Execute a stored procedure with optional parameters
AI agents invoke execute_procedure to trigger actions in MSSQL MCP Server. What it does depends on the arguments the agent supplies, and its effects often reach beyond the immediate call — builds kicked off, notifications sent, workflows started.
Stored procedures can contain any SQL operations (SELECT, INSERT, UPDATE, DELETE, DDL, or administrative commands). The tool accepts optional parameters that could be manipulated to alter procedure behavior. Execution effects are dependent on procedure implementation and arguments, making this an Execute category risk.
From the tool's definition Tool name 'execute_procedure' combined with description 'Execute a stored procedure with optional parameters' indicates dynamic execution of arbitrary stored procedures.

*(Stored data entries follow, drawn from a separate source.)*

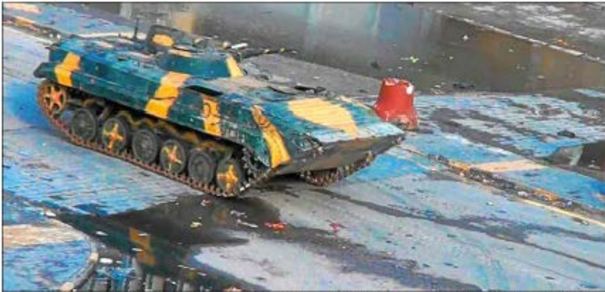
Captura de un vídeo en el que se ve un tanque sirio avanzando por la ciudad de Homs el pasado día 26 de diciembre, cuando decenas de personas fueron asesinadas según la oposición. 1217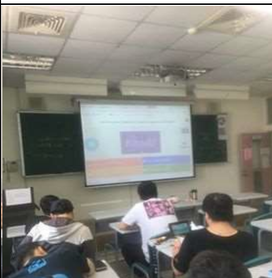
圖 4: Kahoot 來了，趕快用手機搶答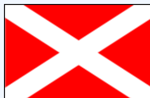
Croix de Saint-André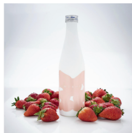
1位 酵素ドリンク MOEGI (いちご) ¥12,960(税込)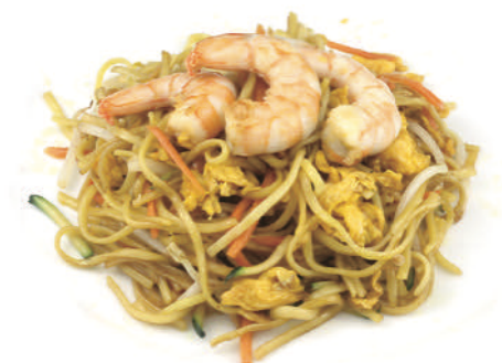
238 SPAGHETTI CINESI SALTATI CON GAMBERI*, VERDURE E UOVA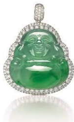
天然冰種翡翠及翡翠鑽石「彌勒佛」一對 估價：HK$ 100,000 - 150,000 /US$ 13,000 - 19,500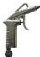
ΠΙΣΤΟΛΙ ΦΥΣΗΜΑΤΟΣ ΜΑΚΡΥ 270MM, ΠΛΑΣΤΙΚΟ ABS (95-17-000007)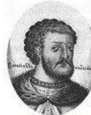
Иван Красный (1353-1359)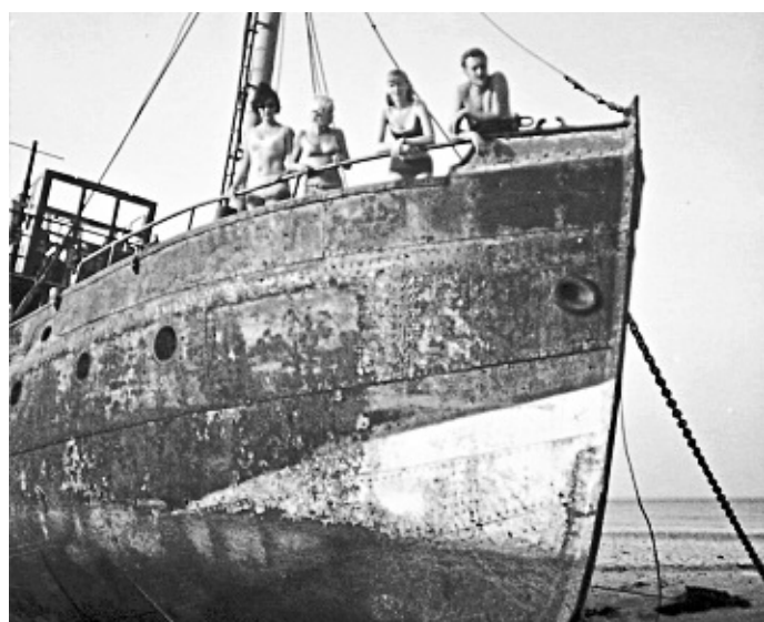
Diese Aufnahme der „Pionier“ stammt von September 1969.

Documented attack patterns abuse exactly the kind of access execute_procedure gives an agent:
PolicyLayer is an MCP gateway — it sits between your AI agents and MSSQL MCP Server, and nothing reaches the server without passing your rules. This is the rule we recommend for execute_procedure:
{
"version": "1",
"default": "deny",
"tools": {
"execute_procedure": {
"limits": [
{
"counter": "execute_procedure_rate",
"window": "minute",
"max": 10,
"scope": "grant"
}
]
}
}
} execute_procedure stays usable, but rate-capped — a runaway agent can't fire it dozens of times a minute. Everything else on the server is denied unless you say otherwise.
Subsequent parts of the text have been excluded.